## What you will do
The material below is to be copied exactly from the line with "22 stycznia br." up to and including the line with "Calming, conversion-focused Framer", with nothing else kept and no pictures.

## Supplied information
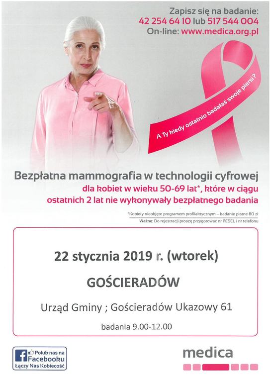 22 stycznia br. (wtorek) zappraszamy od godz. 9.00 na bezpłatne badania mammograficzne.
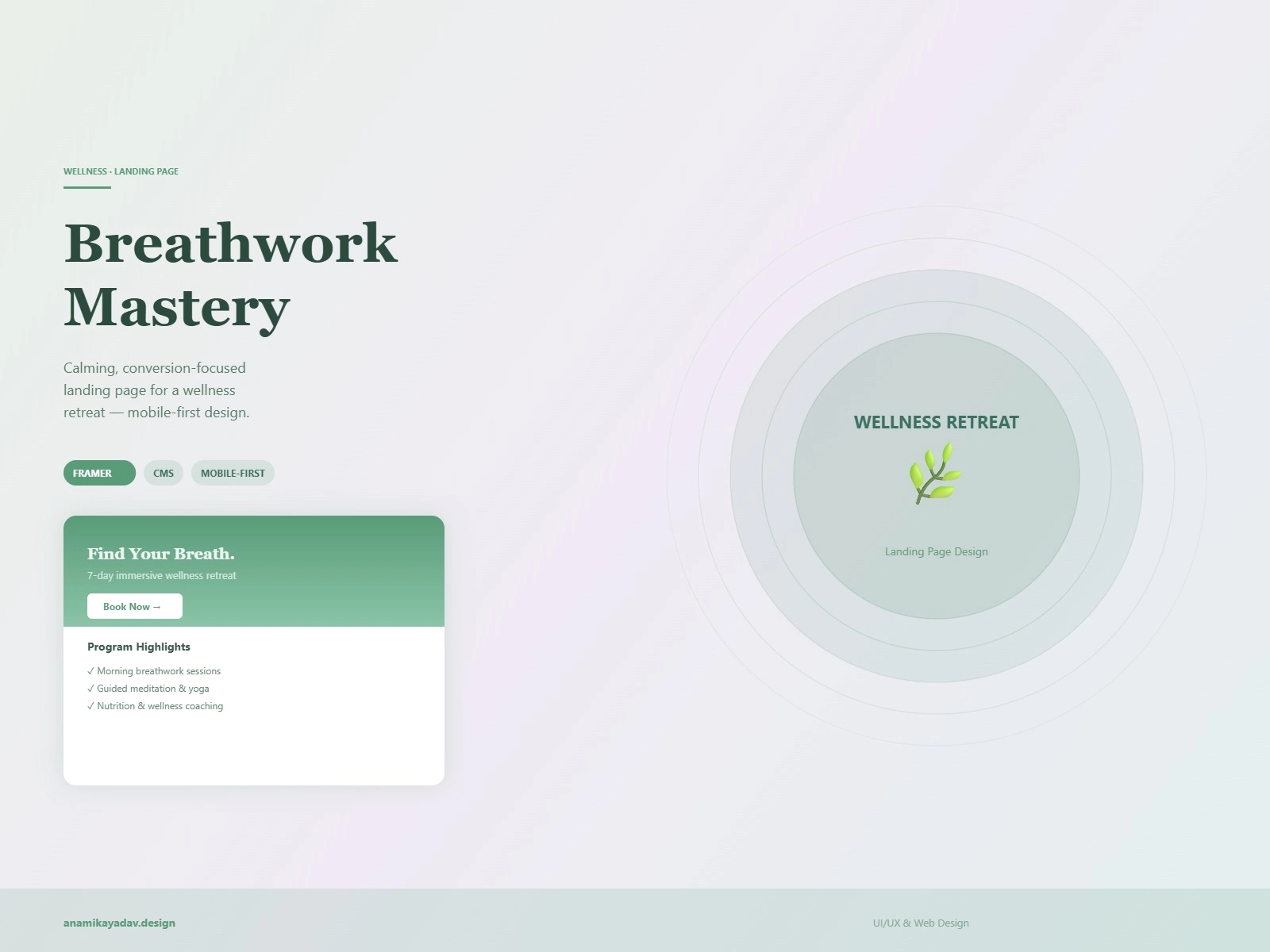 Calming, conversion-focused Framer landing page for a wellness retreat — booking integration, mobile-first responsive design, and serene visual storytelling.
---
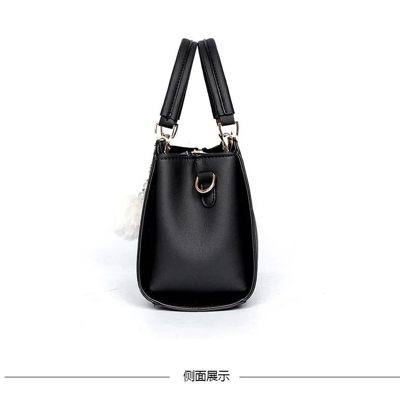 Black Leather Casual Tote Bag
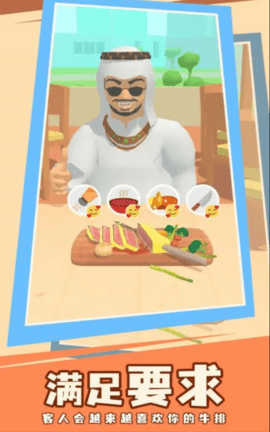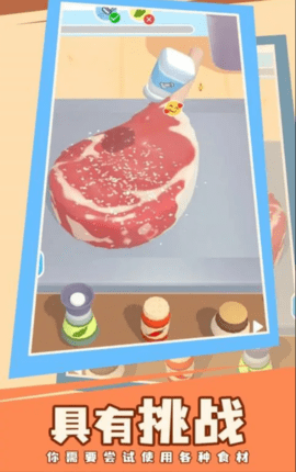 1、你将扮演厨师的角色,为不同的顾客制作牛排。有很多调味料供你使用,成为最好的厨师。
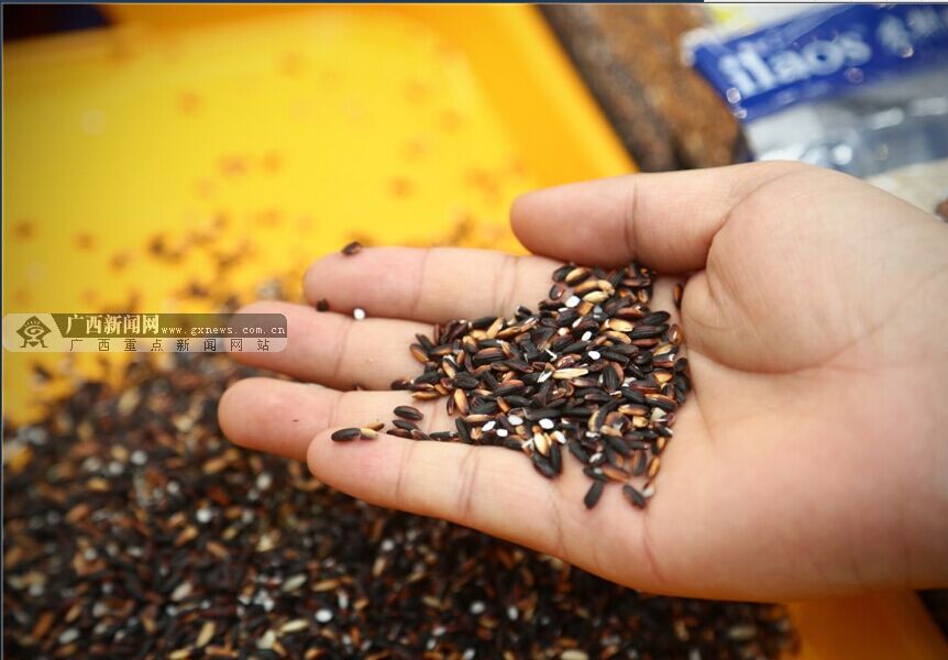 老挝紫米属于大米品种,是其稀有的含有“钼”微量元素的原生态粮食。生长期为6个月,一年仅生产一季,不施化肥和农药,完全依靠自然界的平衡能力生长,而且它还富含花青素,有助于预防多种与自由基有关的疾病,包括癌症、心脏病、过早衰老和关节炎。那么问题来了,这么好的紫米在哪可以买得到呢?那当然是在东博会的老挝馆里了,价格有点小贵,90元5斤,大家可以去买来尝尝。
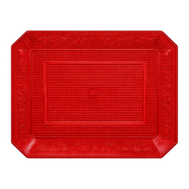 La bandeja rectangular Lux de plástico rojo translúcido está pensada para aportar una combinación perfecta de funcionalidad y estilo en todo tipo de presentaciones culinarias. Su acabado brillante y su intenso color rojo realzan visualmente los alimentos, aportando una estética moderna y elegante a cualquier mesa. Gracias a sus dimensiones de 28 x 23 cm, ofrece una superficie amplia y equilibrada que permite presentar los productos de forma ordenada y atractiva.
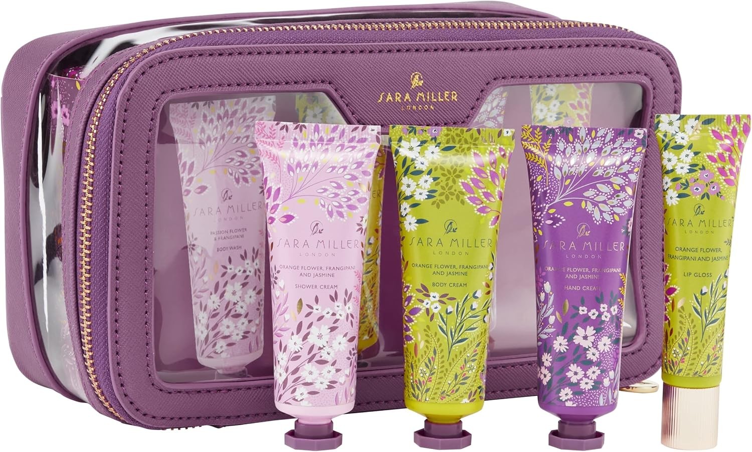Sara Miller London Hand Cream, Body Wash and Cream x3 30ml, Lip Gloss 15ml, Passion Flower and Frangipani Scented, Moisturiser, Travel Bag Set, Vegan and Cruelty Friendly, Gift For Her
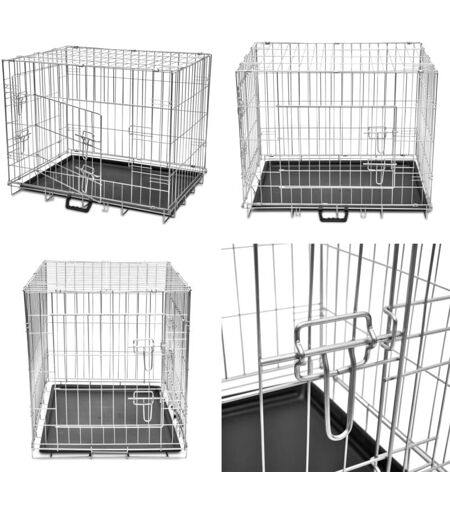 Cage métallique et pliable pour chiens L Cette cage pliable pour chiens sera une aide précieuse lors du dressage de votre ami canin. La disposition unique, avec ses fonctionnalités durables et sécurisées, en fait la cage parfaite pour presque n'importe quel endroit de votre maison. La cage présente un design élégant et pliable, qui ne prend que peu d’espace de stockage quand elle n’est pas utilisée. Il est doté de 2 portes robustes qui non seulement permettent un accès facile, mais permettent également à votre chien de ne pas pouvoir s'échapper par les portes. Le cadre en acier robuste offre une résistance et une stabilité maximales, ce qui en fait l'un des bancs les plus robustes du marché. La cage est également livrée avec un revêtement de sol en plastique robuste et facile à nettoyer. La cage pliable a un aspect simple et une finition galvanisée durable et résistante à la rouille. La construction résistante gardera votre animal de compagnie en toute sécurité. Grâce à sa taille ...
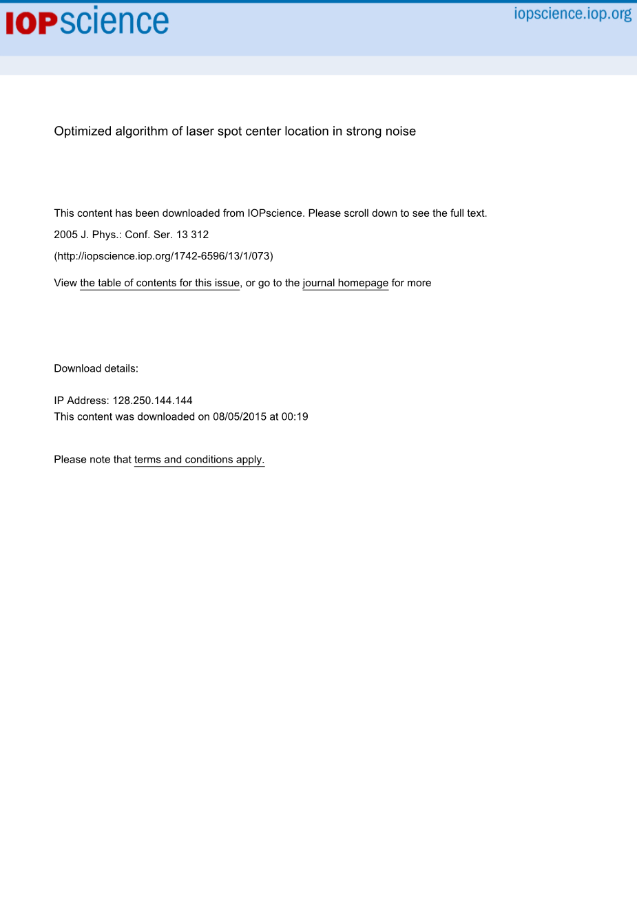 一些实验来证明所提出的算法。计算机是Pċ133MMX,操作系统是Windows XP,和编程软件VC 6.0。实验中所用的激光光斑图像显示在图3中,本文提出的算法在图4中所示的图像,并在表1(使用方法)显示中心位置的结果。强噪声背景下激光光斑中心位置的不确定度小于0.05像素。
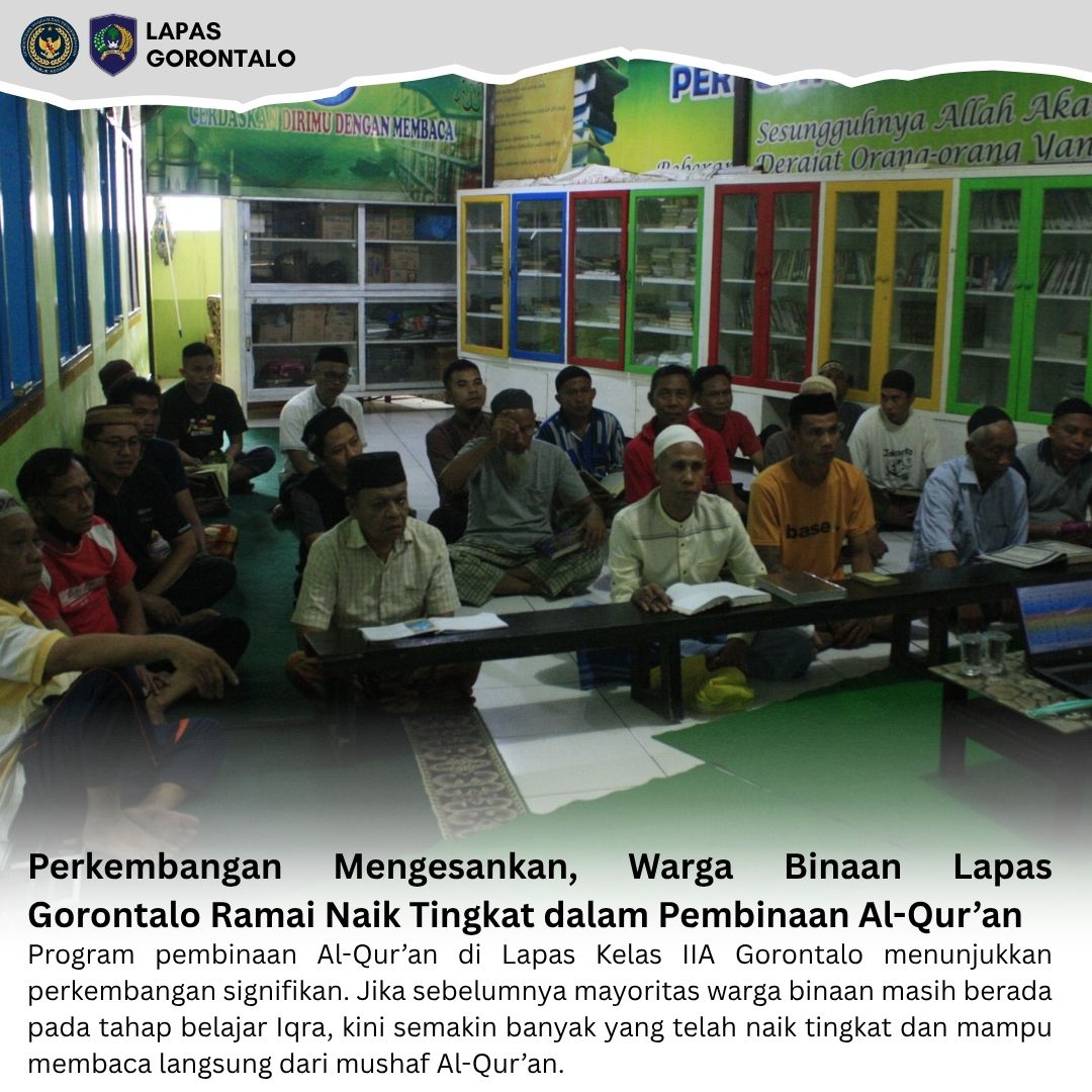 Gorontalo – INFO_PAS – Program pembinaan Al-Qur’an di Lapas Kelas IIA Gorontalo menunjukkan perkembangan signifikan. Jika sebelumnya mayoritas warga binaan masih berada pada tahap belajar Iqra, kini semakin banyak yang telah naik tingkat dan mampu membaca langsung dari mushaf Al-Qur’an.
--
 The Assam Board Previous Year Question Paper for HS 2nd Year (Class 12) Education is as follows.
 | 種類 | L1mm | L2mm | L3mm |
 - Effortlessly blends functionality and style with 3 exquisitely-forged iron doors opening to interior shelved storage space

## Solved exercise
 22 stycznia br. (wtorek) zappraszamy od godz. 9.00 na bezpłatne badania mammograficzne.
 Calming, conversion-focused Framer landing page for a wellness retreat — booking integration, mobile-first responsive design, and serene visual storytelling.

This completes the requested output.